After locating the line that bears "榮耀MagicPad3 Pr", restate word for word that line and the rest of the listing to its final line, excluding all pictures.

● AVAILABLE DATA:

========================================================================

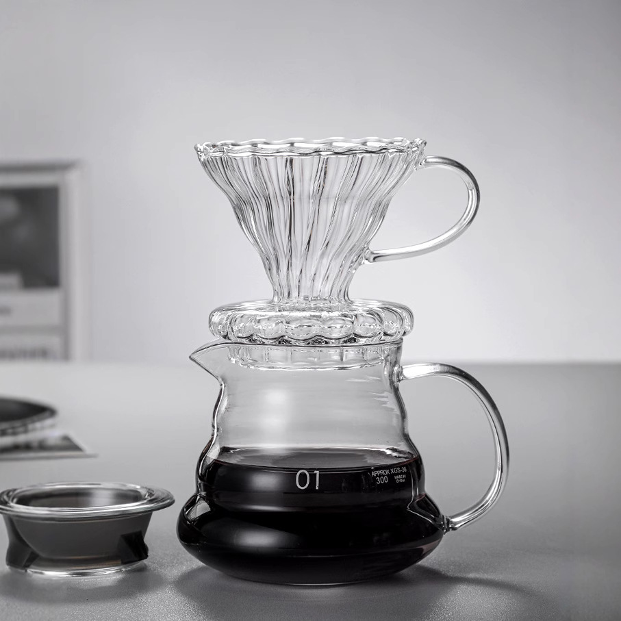 批发高硼硅玻璃咖啡手冲云朵壶耐热美式摩卡刻度过滤分享壶套装
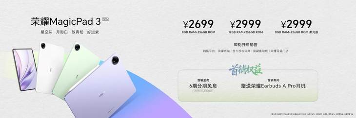榮耀MagicPad3 Pro擁有浮光金、月影白和星空灰等三款配色,將于10月23日開啟全渠道首銷,首銷優(yōu)惠價(jià)3799元起。
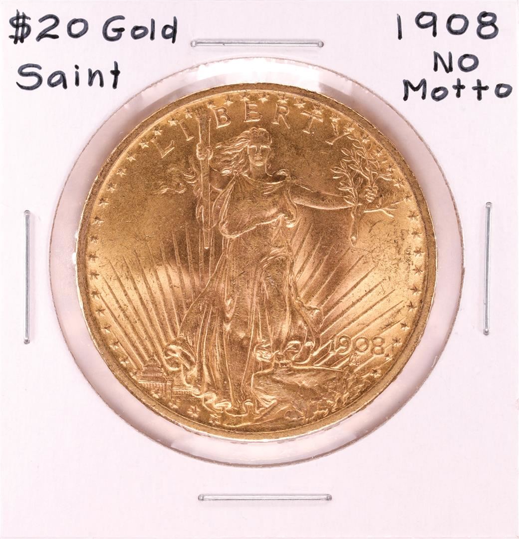 One 1908 No Motto $20 Saint Gaudens Double Eagle Gold Coin.

========================================================================

● RESULT:
榮耀MagicPad3 Pro擁有浮光金、月影白和星空灰等三款配色,將于10月23日開啟全渠道首銷,首銷優(yōu)惠價(jià)3799元起。
 One 1908 No Motto $20 Saint Gaudens Double Eagle Gold Coin.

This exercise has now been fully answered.